Just one basic example will serve - character names. I discovered that Western readers easily get lost in all the Wu's, Wang's, Hu's, and Li's that populate a China based story. Some Western writers will translate the names. For example, my Chinese given name (An-bo), a transliteration of the sound of "Albert," when translated means, "Peaceful Uncle." So rather than writing:

An-bo said, "This is very ridiculous." 

We'd end up with:

Peaceful Uncle said, "This is even more ridiculous." 

I don't like translated names. It reminds me of translating Albert into its Anglo-Saxon meaning: "All Bright." Too weird for these ears; just like "Peaceful Uncle." The solution? Pick a name in the foreign culture that is not too difficult to pronounce, like Li Bo – but then his parents did that for me – and attach that name to a fully developed character, one that the reader recognizes the second that the character appears in the scene.
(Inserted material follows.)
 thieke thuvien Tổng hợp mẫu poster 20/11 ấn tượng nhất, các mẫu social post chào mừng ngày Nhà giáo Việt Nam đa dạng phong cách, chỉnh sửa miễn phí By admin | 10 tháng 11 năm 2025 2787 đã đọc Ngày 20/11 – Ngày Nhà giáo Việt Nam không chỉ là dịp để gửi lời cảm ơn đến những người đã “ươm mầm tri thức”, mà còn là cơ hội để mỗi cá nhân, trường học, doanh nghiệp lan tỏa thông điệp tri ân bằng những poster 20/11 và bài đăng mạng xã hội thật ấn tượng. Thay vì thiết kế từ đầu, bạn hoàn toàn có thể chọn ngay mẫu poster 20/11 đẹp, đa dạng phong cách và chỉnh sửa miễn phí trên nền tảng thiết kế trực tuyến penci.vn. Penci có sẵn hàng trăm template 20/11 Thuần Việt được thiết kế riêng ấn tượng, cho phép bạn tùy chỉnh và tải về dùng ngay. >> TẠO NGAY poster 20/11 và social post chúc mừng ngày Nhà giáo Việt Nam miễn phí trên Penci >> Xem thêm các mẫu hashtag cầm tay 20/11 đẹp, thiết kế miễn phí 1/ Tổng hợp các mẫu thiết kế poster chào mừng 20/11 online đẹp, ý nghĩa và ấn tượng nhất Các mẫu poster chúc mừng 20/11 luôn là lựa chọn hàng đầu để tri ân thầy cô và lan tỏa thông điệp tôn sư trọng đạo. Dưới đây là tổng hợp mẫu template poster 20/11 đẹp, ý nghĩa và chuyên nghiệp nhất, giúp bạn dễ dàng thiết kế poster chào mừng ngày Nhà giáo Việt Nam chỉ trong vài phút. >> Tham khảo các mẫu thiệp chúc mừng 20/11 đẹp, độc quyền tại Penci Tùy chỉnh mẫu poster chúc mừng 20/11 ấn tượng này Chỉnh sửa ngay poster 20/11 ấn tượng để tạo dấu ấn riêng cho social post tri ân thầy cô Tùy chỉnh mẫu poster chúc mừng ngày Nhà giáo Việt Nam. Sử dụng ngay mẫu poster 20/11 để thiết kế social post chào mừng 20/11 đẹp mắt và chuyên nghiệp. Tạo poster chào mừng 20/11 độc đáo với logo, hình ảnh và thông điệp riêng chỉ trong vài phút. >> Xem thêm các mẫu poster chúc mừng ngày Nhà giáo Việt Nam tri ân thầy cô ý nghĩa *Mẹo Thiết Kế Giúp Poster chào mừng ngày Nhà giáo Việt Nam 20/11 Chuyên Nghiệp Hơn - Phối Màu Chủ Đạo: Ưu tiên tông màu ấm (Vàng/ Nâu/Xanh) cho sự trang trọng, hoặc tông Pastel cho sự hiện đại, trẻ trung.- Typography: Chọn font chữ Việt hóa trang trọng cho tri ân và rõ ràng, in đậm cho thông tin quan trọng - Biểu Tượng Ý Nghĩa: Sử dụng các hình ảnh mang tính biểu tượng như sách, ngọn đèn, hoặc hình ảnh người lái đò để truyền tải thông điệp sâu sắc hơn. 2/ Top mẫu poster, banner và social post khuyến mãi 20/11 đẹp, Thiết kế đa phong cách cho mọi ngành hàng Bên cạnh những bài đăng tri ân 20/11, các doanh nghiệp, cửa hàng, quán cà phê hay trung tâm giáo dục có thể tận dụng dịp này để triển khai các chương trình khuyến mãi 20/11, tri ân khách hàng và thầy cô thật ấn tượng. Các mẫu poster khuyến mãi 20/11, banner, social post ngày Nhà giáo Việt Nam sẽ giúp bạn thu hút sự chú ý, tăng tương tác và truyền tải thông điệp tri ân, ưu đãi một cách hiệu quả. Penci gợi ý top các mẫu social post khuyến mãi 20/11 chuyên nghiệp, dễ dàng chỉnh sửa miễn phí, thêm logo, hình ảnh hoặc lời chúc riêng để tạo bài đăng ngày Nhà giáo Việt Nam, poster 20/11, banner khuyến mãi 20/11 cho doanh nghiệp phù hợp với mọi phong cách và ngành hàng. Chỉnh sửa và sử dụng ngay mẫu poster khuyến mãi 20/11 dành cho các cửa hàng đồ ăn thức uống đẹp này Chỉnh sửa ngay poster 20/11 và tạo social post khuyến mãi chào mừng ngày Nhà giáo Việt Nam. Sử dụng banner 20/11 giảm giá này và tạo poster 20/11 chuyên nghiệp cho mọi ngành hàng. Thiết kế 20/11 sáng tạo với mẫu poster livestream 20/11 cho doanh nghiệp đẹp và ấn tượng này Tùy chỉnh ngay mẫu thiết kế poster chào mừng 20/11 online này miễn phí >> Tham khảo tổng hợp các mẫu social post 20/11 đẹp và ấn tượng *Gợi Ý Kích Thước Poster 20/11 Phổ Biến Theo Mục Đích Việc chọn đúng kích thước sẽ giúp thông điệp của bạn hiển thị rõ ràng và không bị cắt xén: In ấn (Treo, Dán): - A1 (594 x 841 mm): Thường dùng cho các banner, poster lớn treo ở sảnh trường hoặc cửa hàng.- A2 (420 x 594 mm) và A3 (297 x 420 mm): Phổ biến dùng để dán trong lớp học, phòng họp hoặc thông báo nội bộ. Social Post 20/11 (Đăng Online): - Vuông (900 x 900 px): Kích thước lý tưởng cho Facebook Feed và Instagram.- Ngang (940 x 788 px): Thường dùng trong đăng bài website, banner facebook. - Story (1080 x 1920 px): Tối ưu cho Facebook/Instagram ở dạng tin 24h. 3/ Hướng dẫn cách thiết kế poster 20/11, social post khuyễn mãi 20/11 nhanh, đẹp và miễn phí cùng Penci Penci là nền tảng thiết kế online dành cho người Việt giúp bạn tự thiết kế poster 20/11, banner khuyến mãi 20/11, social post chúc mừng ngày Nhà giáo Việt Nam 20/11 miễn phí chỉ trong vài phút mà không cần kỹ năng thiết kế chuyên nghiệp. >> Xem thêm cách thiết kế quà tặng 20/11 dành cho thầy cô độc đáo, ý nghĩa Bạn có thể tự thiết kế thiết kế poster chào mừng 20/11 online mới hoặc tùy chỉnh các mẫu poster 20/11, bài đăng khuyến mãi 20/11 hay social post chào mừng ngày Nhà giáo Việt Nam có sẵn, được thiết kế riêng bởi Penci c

Then it doesn't matter what you name them. 

Further, I give my characters an epithet or title. For example, my character, Luo Jhu-yun; the Emperor's grand shamaness. I think I only refer to her once by her full name – a name that admittedly most Westerner's might find difficult to remember – the rest of the time she is known as "the shamaness Luo," or just "the shamaness." And, another character, the "Albino Assassin" is only referred to by that epithet.

As for environment, as you can see by my website, especially the bicycling part, I loved riding around Taiwan, especially in the mountains. I have deep feelings about Chinese landscapes and, hopefully, there is a sense of authenticity in my descriptions. And places that I haven't been to in China, I research so I know the weather, the earth, the flora and fauna of the region that my characters travel through. For the trip through the Three Gorges that Li Bo takes, I had a 12th century travel diary of a Chinese official who took the same trip. There are no 8th century travel diaries of that route in existence. But a 12th century description is much more accurate to Li Bo's time than what you'll find if you make that trip today. 

And accuracy is another aspect of my fiction. My stories are set in a medieval China that is as accurate as my skill and knowledge permit me to make it. These settings are not "a China that might have been" or a China that I completely dreamed up. Further, the historical situations that are the starting point of the story are those that arose in the course of Chinese history. As far as, we know, Li Bo was sentenced to a death exile up the Yangtze River toward Burma for treason. This was after his initial sentence of death was commuted through the intervention of his high ranking friends. And by the time he reached the Mount Wu region, the exile sentence was commuted. It's said his trip involved visiting and drinking with old friends – I, perhaps, have changed the nature of those "friends." 

It has been my experience that when conjuring the "other," as a Westerner writing fiction based in a non-Western culture, the author needs to combine the skills of both nonfiction and fiction writing - know the culture and know the writer's craft.